What needs to change

The reality of all this is that while capitalism is the only really effective way of organising society successfully (as all forms of the extremes on both the left and right have failed), it has to be reformed and regulated to reflect that. The result of the system we have today is that the UK is now experiencing the longest fall in living standards since records began in the 1950s. It is also experiencing a (pre-pandemic) drop in life expectancy whereas in other Western countries it continued to increase. Inequality continues to worsen as a result.

There is no economic reason why we can’t have (almost) full employment, wage-led growth that keeps up with inflation and rising standards of living and health.

We need to change the system that has in reality been a four to five-decade conflict against workers and we need the right story to sell a newly invigorated version of capitalism.

Margeret Thatcher sold Britain a share owning dream, where privatisation and the free market would trickle down and raise all boats. It might have worked if politicians did not keep deregulating as they did. It has now failed so many, that the country is in dire trouble. The evidence of that failure is that in 2019/20 – 38 per cent of all households were taking more in benefits than were paying into the system to survive. Today, this is a crisis of daily life for 11 million households.

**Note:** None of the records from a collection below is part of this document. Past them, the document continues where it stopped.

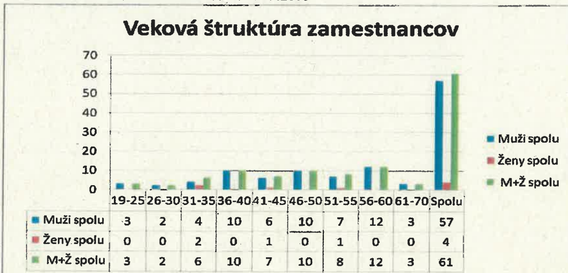
Graf 1: Veková štruktúra zamestnancov k 31.12.2018

Zdroj: Spoločnosť BHG Logistika spol. s r.o.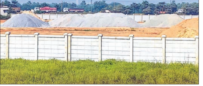
କଳିଙ୍ଗନଗର ଦିଗାୟତପୁର ଛକ ନିକଟରେ ଥିବା ଚିସ୍ ଯାତ।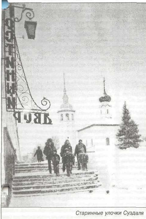
Старинные улочки Суздаля

Е. ШУГАЕВ, работник ОАО «Таркосаленефтегаз»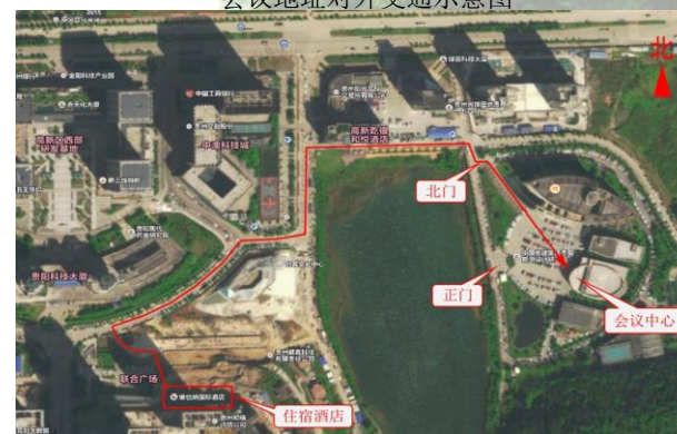
住宿酒店至贵阳院会议中心步行路线示意图(约700米)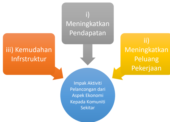
Rajah 3: Impak Aktiviti Pelancongan dari aspek Ekonomi.

Tanjung Simpang Mengayau, Kudat. Kebanyakan ahli komuniti setempat ini berjaya melibatkan diri dalam aktiviti pelancongan yang diusahakan tersebut (Penolong Pegawai Pembangunan Pelancongan Daerah, Kudat, Mei, 2021). Berikut merupakan impak positif yang diterima oleh komuniti setempat di kawasan kajian hasil daripada temubual bersama informan dalam kajian ini.

In America, corporate profits Q1 2020 (before Covid lockdowns) were $1,743 billion – two years later after the devastation of a global pandemic is to rose to an all-time high of $2,721 billion. In the UK, it’s the same picture. In Q1 this year, corporate profits were £128 billion but exactly 20 years earlier it was £59 billion, whereas wages have effectively stagnated at best, but in reality have fallen.

This means well over a third of households can’t afford to live even though they are working. This and the housing crisis along with homelessness are the inherent signs of political and economic failure. After all, what is the point of government if they can’t even house their own people?

Capitalism is NOT inherently inequitable, undemocratic, alienating, inefficient and destructive – the people who manage it are.

One of the greatest failures of capitalism ever experienced in Britain was the bank-led financial crisis of 2008/09. One of the greatest political failures was A) allowing it to happen through deregulation and B) engaging in a disastrous programme of austerity. Combined they were the bedrock of the societal division and breakdown that we see today in economics (for instance Brexit) and the government of Boris Johnson (populism). Inflation compounds this problem.

The triple-block is a multi-tool, that enables the transfer of wealth, giving it the ability to concentrate money at one end at the cost of the other. Inflation is key to this. Change means creating a vision of capitalism that works just as much for workers as it does for CEOs, investors and shareholders.